'''

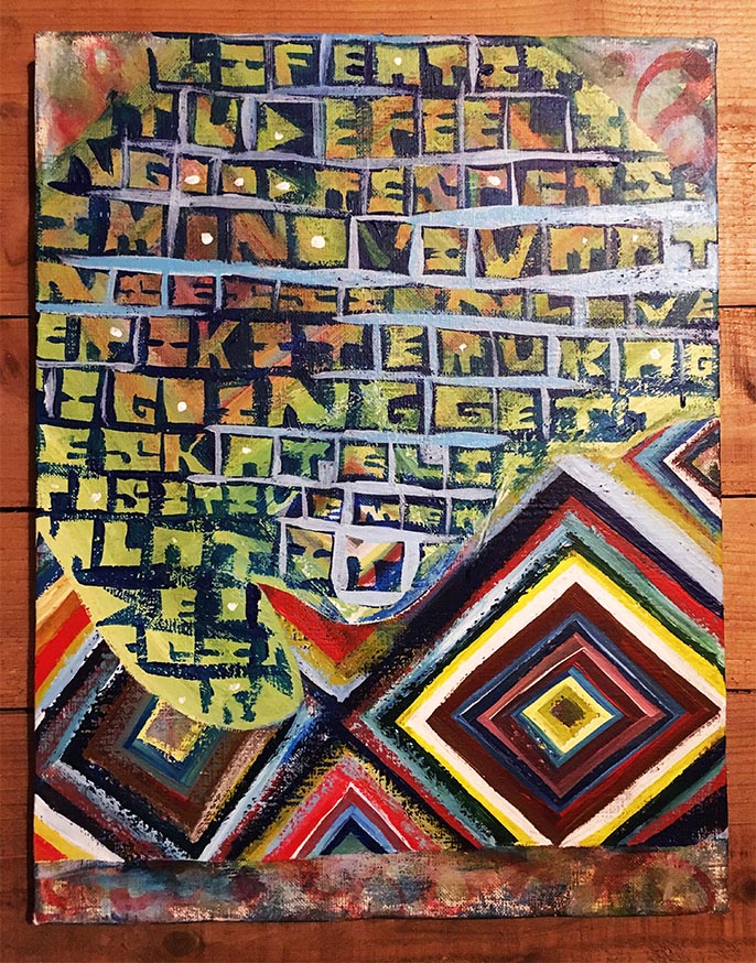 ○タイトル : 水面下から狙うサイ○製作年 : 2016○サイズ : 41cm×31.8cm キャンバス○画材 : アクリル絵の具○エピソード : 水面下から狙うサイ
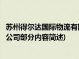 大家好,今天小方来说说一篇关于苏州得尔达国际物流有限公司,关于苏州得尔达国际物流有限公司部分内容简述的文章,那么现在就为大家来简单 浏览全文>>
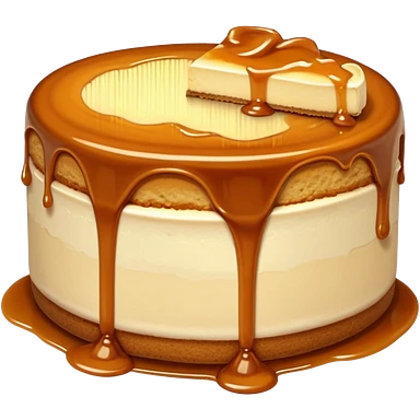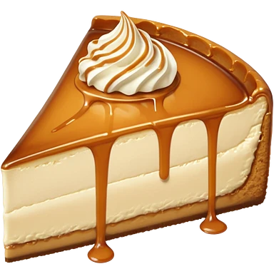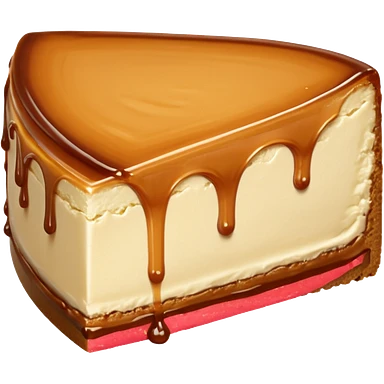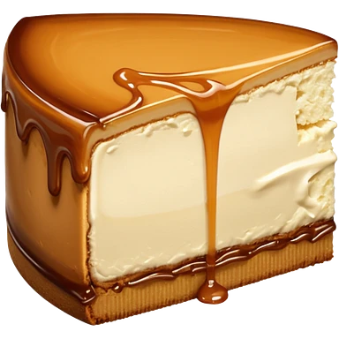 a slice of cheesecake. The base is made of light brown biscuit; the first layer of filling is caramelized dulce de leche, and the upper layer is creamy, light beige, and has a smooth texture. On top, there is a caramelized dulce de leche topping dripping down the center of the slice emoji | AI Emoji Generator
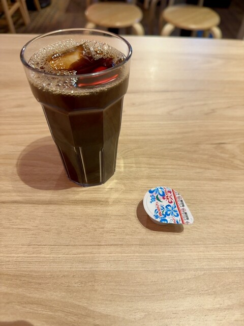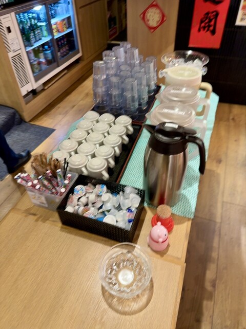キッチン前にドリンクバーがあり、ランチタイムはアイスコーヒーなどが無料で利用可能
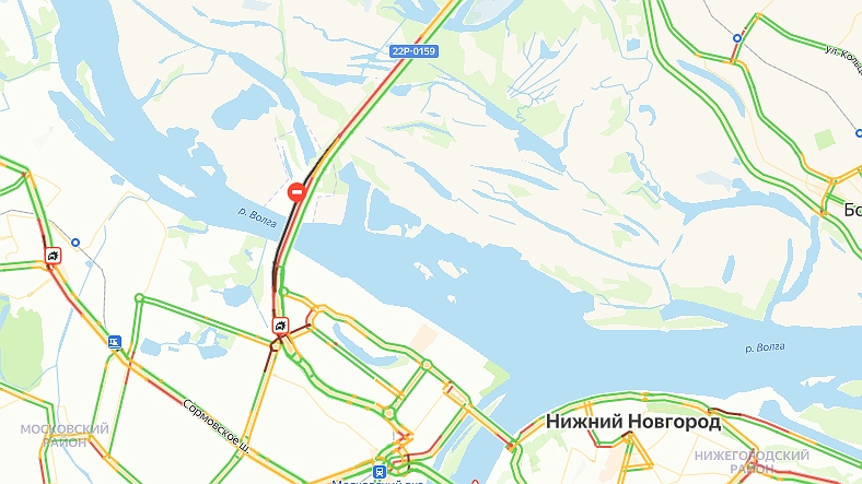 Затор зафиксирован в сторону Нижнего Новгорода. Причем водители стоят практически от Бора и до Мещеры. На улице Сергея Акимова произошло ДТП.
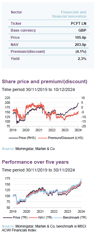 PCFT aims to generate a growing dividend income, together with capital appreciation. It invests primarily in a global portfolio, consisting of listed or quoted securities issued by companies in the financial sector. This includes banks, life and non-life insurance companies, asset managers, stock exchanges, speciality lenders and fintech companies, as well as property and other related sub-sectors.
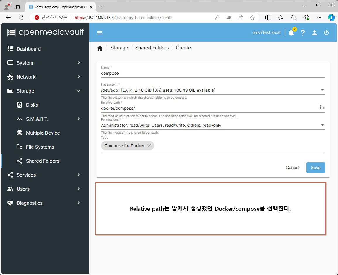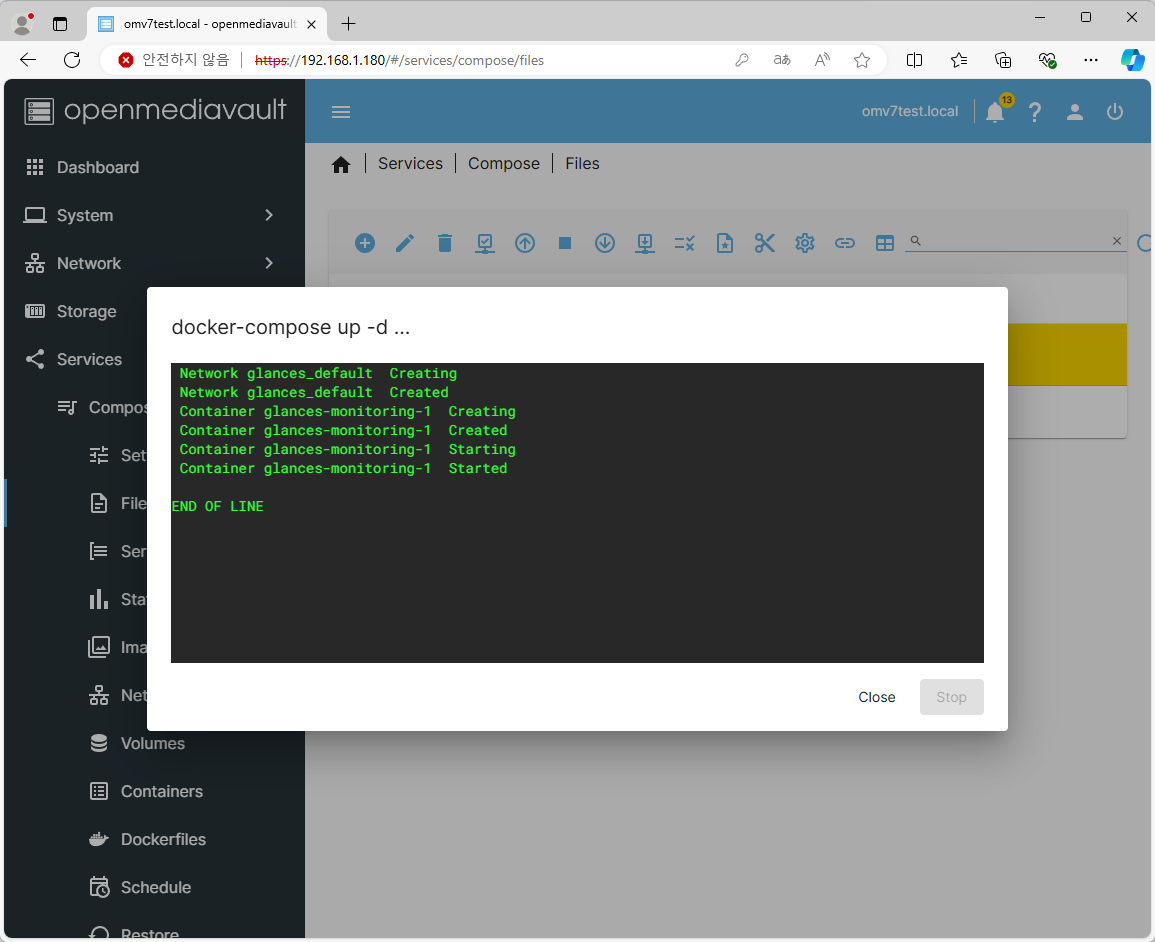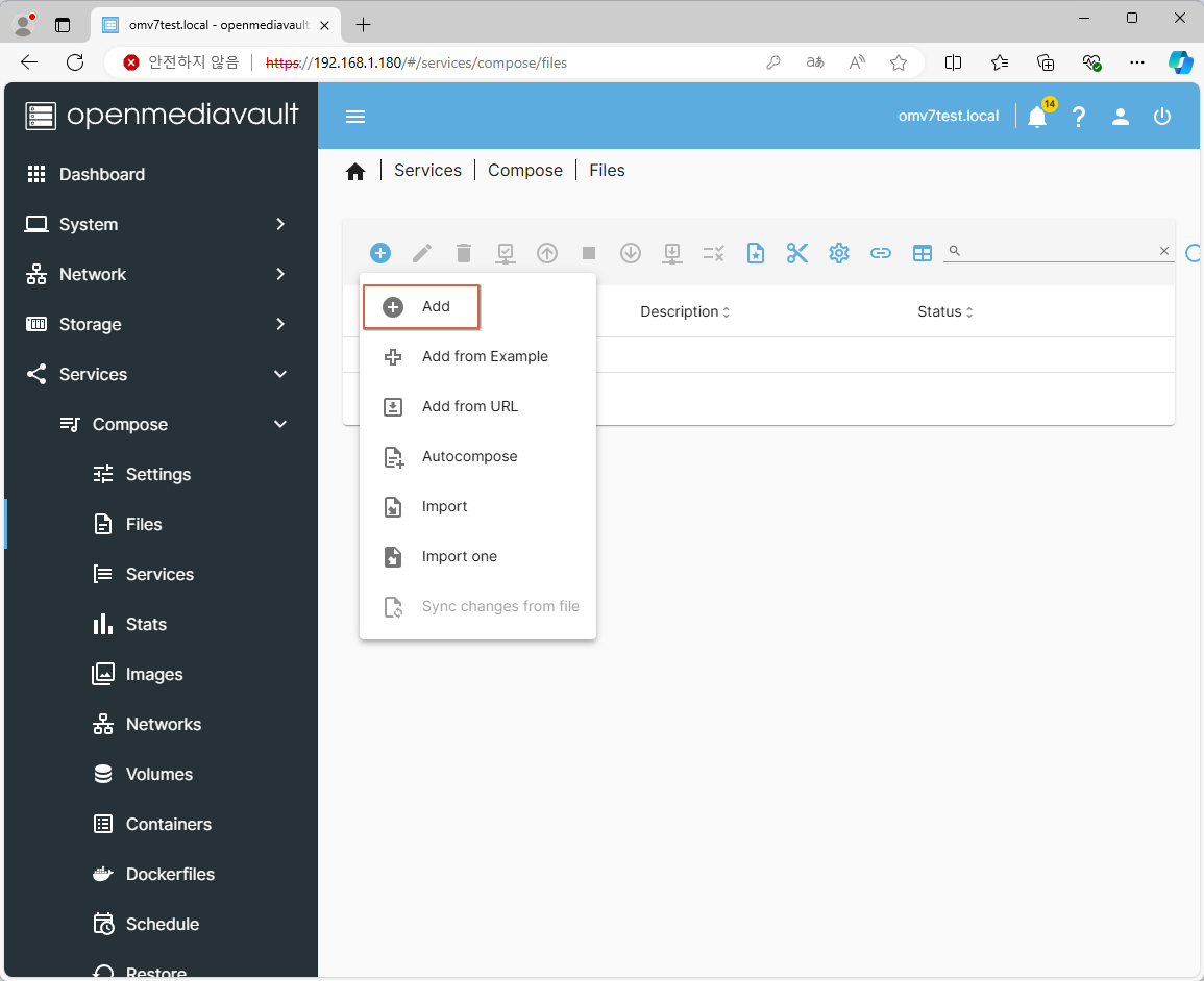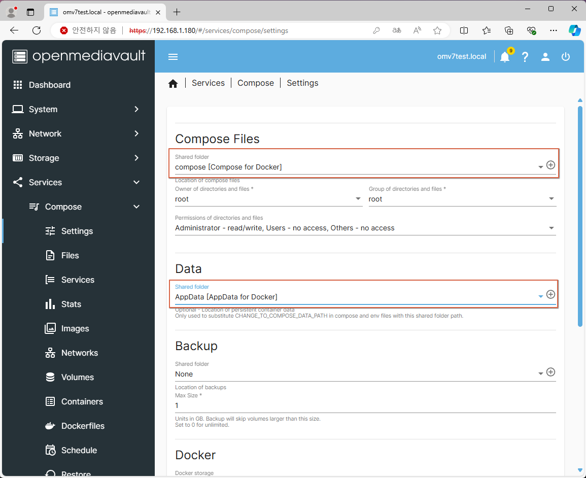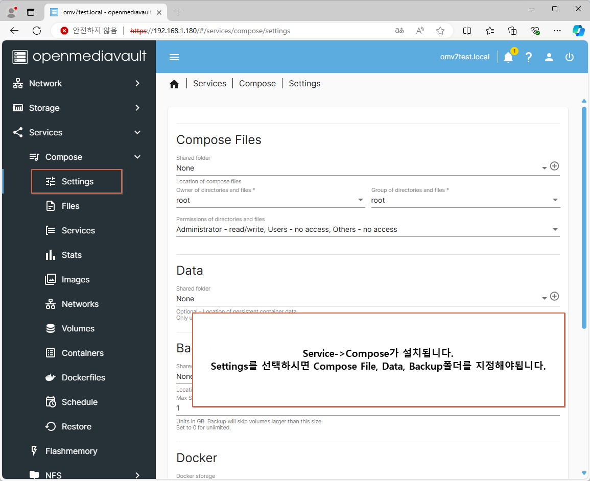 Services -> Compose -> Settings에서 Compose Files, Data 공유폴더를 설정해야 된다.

'''

Action item
The expected result is the data above in exact form, free of pictures.

Exercise response
 ○タイトル : 水面下から狙うサイ○製作年 : 2016○サイズ : 41cm×31.8cm キャンバス○画材 : アクリル絵の具○エピソード : 水面下から狙うサイ
 大家好,今天小方来说说一篇关于苏州得尔达国际物流有限公司,关于苏州得尔达国际物流有限公司部分内容简述的文章,那么现在就为大家来简单 浏览全文>>
 a slice of cheesecake. The base is made of light brown biscuit; the first layer of filling is caramelized dulce de leche, and the upper layer is creamy, light beige, and has a smooth texture. On top, there is a caramelized dulce de leche topping dripping down the center of the slice emoji | AI Emoji Generator
キッチン前にドリンクバーがあり、ランチタイムはアイスコーヒーなどが無料で利用可能
 Затор зафиксирован в сторону Нижнего Новгорода. Причем водители стоят практически от Бора и до Мещеры. На улице Сергея Акимова произошло ДТП.
 PCFT aims to generate a growing dividend income, together with capital appreciation. It invests primarily in a global portfolio, consisting of listed or quoted securities issued by companies in the financial sector. This includes banks, life and non-life insurance companies, asset managers, stock exchanges, speciality lenders and fintech companies, as well as property and other related sub-sectors.
 Services -> Compose -> Settings에서 Compose Files, Data 공유폴더를 설정해야 된다.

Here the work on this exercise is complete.